__Goal of the exercise__
Skip the pictures, please, and write out exactly every line from the one containing "Hi Vis Hawaiian" through the end of the listing below.

__Data__
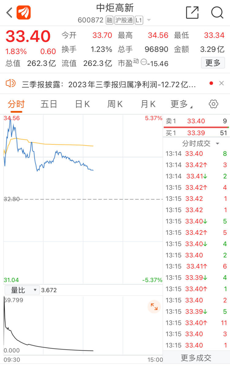 二级市场方面,或因高管变动影响,中炬高新10月19日上午股价逆势上涨,一度涨超5%,午后涨幅有所收窄,截至发稿,报33.40元/股,上涨1.83%,总市值262.32亿元。
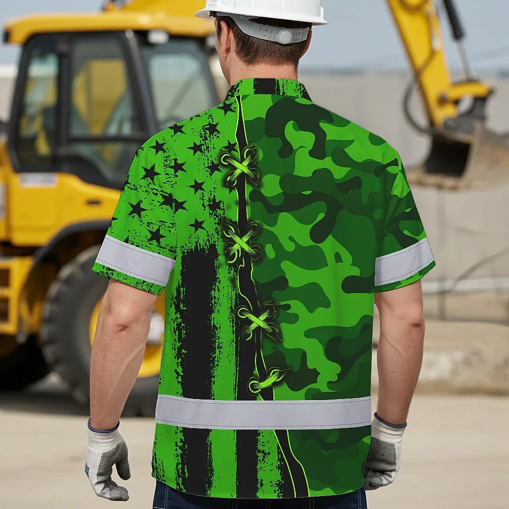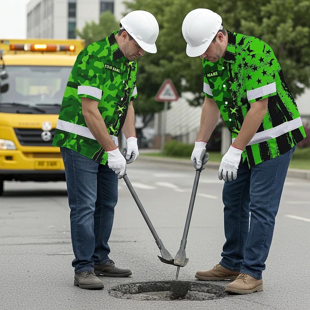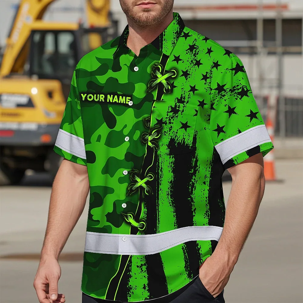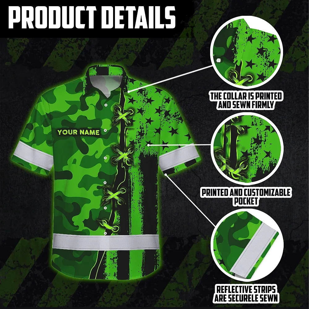 Hi Vis Hawaiian Shirt Custom Name, Pattern Skull Camo Reflective Safety Workwear For Workers, Runners, Truckers, Skull Lovers
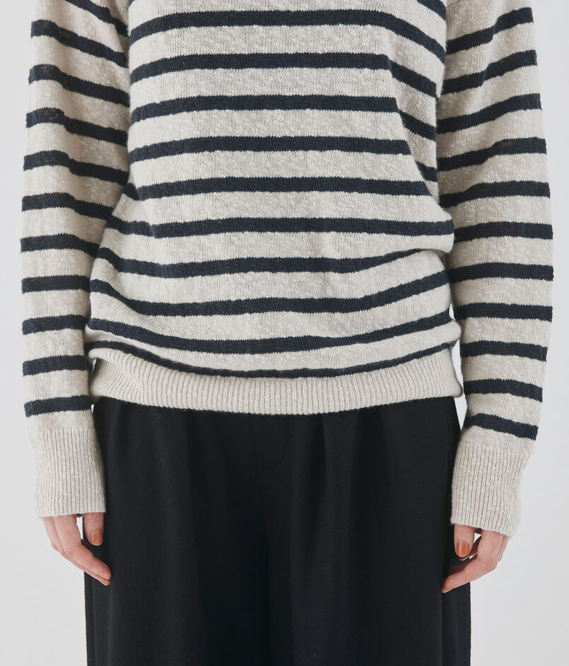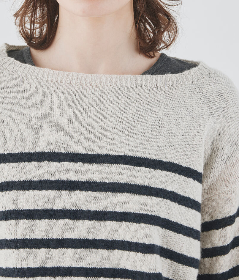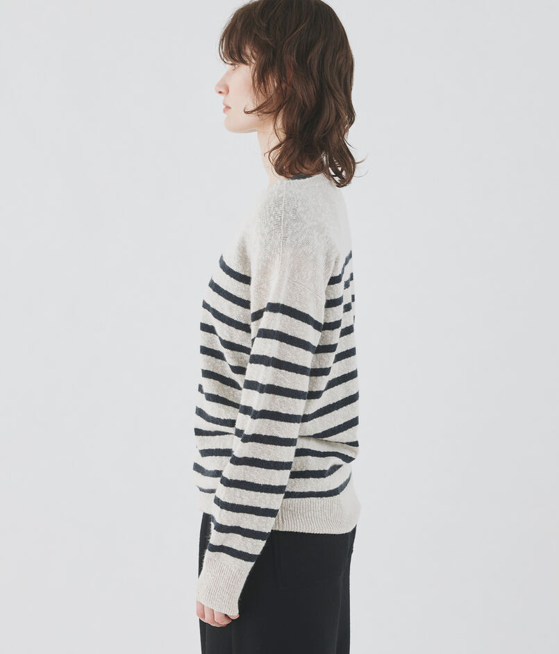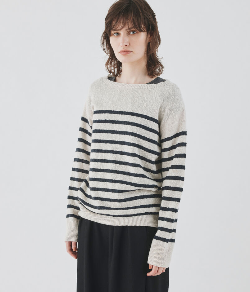 ストレート糸とは異なるぼこぼことした凹凸感が特徴のカシミヤウールのスラブヤーンで織り上げた、個性的な表情が魅力のプルオーバー。
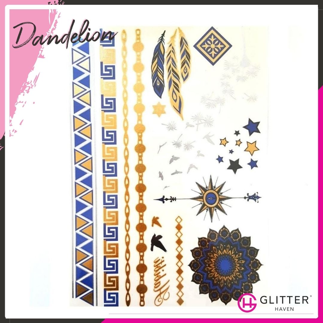 Deep, dark and mystical. Our Dandelion Temporary Tattoo contains lots of individual tattoos that you can mix and match to create a unique look including arm bands, birds, flowers, stars, feathers, and a compass. Perfect for festivals, clubbing, or just a day out with friends, our tattoos are a modern interpretation of jewelry, giving you the freedom to explore different looks without the hefty price tag. If treated carefully, the tattoo will last several days.

__Reply to the task__
 Hi Vis Hawaiian Shirt Custom Name, Pattern Skull Camo Reflective Safety Workwear For Workers, Runners, Truckers, Skull Lovers
 ストレート糸とは異なるぼこぼことした凹凸感が特徴のカシミヤウールのスラブヤーンで織り上げた、個性的な表情が魅力のプルオーバー。
 Deep, dark and mystical. Our Dandelion Temporary Tattoo contains lots of individual tattoos that you can mix and match to create a unique look including arm bands, birds, flowers, stars, feathers, and a compass. Perfect for festivals, clubbing, or just a day out with friends, our tattoos are a modern interpretation of jewelry, giving you the freedom to explore different looks without the hefty price tag. If treated carefully, the tattoo will last several days.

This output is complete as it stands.